Co-Authored-By: Claude Opus 4.6 (1M context) &lt;noreply@anthropic.com&gt;
diff --git a/diff_diff/practitioner.py b/diff_diff/practitioner.py
@@ -188,7 +188,27 @@ def _honest_did_step() -> Dict[str, Any]:
     )
 
 
-def _placebo_step() -> Dict[str, Any]:
+def _placebo_step(staggered: bool = False) -> Dict[str, Any]:
+    if staggered:
+        return _step(
+            baker_step=6,
+            label="Run sensitivity/falsification checks",
+            why=(
+                "For staggered designs, run_all_placebo_tests() is not "
+                "directly applicable (it refits a basic 2x2 DiD). Instead, "
+                "compare results across control group choices "
+                "(never_treated vs not_yet_treated), anticipation settings, "
+                "and subsample restrictions as falsification checks."
+            ),
+            code=(
+                "# Staggered falsification: compare across specifications\n"
+                "# - Re-estimate with control_group='never_treated' vs 'not_yet_treated'\n"

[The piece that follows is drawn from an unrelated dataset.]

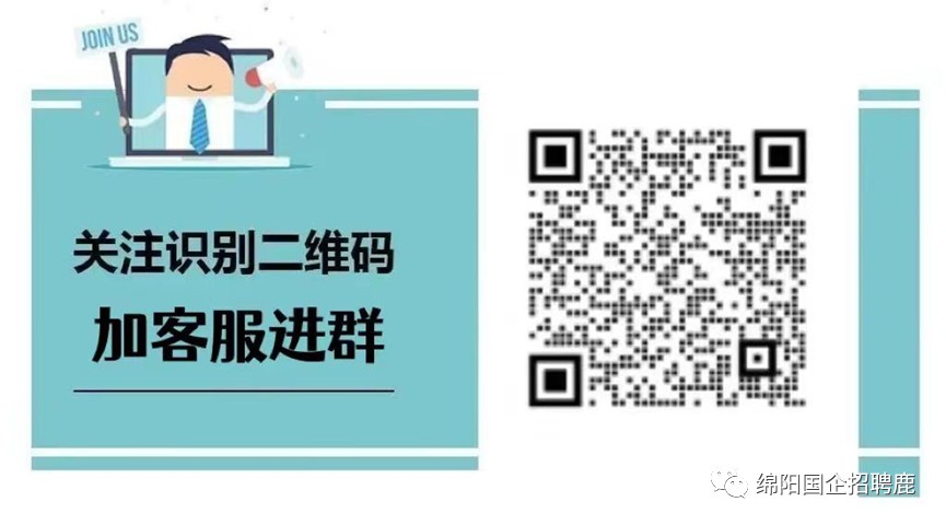 ▌声明:本文由绵阳国企招聘鹿整理发布,转载请注明。本公众号分享的招聘信息来源于网络,如发生劳动纠纷或拖欠工资情况,请您到工作所在地劳动仲裁和劳动监察部门反应情况,维护自身合法权益!能否达成就业意向请大家自行甄别,我们平台不承担由此而引发的任何法律责任。
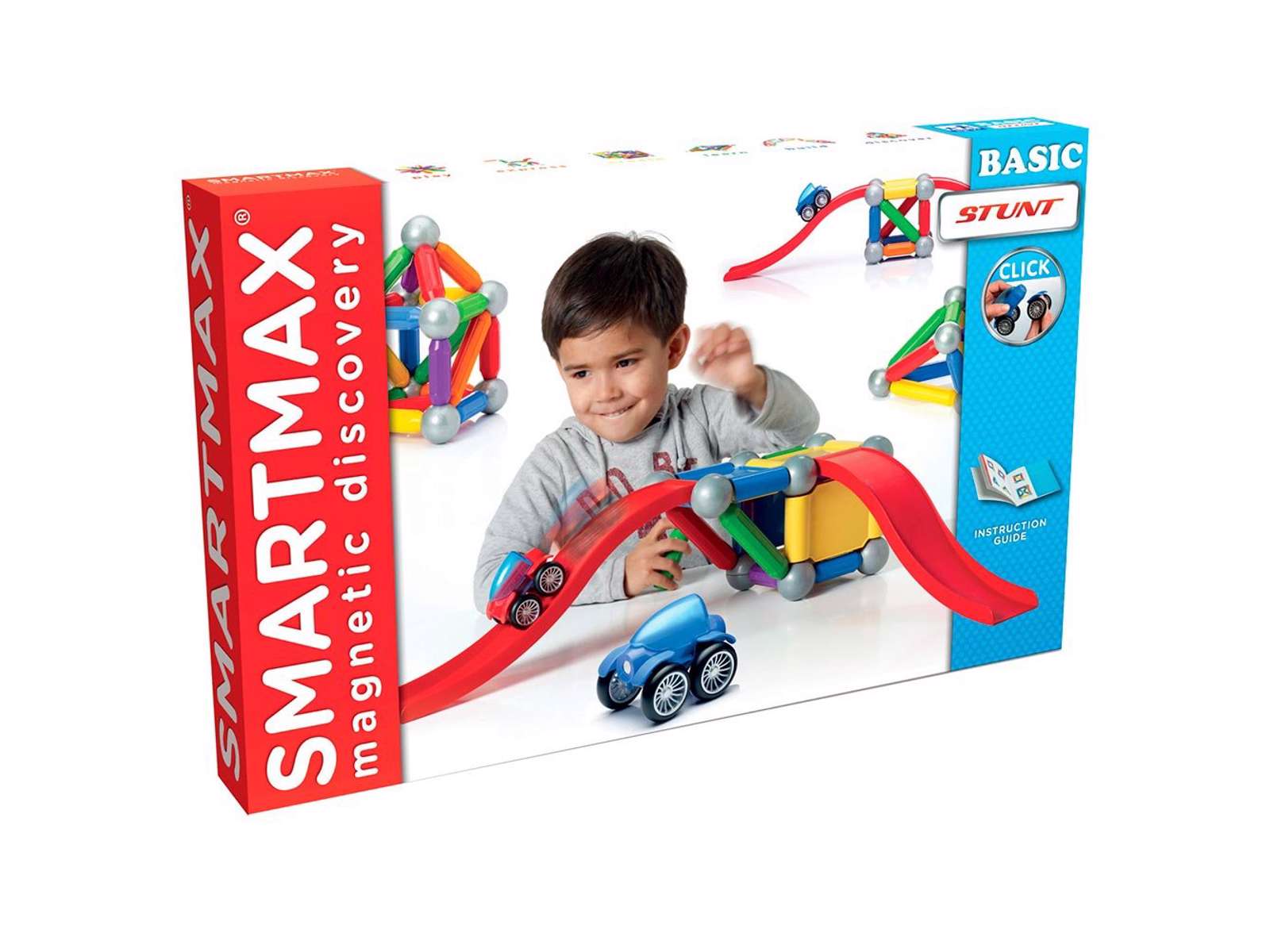 Inkluderer køretøjer og ramper og farverig vejledning til at sammensætte SmartMax.

+                "# - Re-estimate with anticipation=1 to check no-anticipation\n"
+                "# - Drop one cohort at a time for leave-one-out sensitivity"
+            ),
+            priority="medium",
+            step_name="sensitivity",
+        )
     return _step(
         baker_step=6,
         label="Run placebo tests",
@@ -328,7 +348,7 @@ def _handle_cs(results: Any):
 def _handle_sa(results: Any):
     steps = [
         _parallel_trends_step(staggered=True),
-        _placebo_step(),
+        _placebo_step(staggered=True),
         _robustness_compare_step("CS, BJS, or Gardner"),
         _covariates_step(),
     ]
@@ -339,7 +359,7 @@ def _handle_sa(results: Any):
 def _handle_imputation(results: Any):
     steps = [
         _parallel_trends_step(staggered=True),
-        _placebo_step(),
+        _placebo_step(staggered=True),
         _robustness_compare_step("CS, SA, or Gardner"),
         _covariates_step(),
     ]
@@ -350,7 +370,7 @@ def _handle_imputation(results: Any):
 def _handle_two_stage(results: Any):
     steps = [
         _parallel_trends_step(staggered=True),
-        _placebo_step(),
+        _placebo_step(staggered=True),
         _robustness_compare_step("CS, BJS, or SA"),
         _covariates_step(),
     ]
@@ -361,7 +381,7 @@ def _handle_two_stage(results: Any):
 def _handle_stacked(results: Any):
     steps = [
         _parallel_trends_step(staggered=True),
-        _placebo_step(),
+        _placebo_step(staggered=True),
         _step(
             baker_step=7,
             label="Check sub-experiment balance",
@@ -396,7 +416,7 @@ def _handle_synthetic(results: Any):
             ),
             step_name="sensitivity",
         ),
-        _placebo_step(),
+        _placebo_step(staggered=True),
         _step(
             baker_step=8,
             label="Compare with TROP or staggered estimators",
@@ -433,7 +453,7 @@ def _handle_trop(results: Any):
             ),
             step_name="sensitivity",
         ),
-        _placebo_step(),
+        _placebo_step(staggered=True),
         _robustness_compare_step("SyntheticDiD or CS"),
     ]
     warnings = _check_nan_att(results)
@@ -443,7 +463,7 @@ def _handle_trop(results: Any):
 def _handle_efficient(results: Any):
     steps = [
         _parallel_trends_step(staggered=True),
-        _placebo_step(),
+        _placebo_step(staggered=True),
         _step(
             baker_step=7,
             label="Run Hausman pretest (PT-All vs PT-Post)",
@@ -468,7 +488,21 @@ def _handle_efficient(results: Any):
 
 def _handle_continuous(results: Any):
     steps = [
-        _parallel_trends_step(),
+        _step(
+            baker_step=3,
+            label="Assess parallel trends for continuous treatment",
+            why=(
+                "ContinuousDiD has dose-specific parallel trends assumptions "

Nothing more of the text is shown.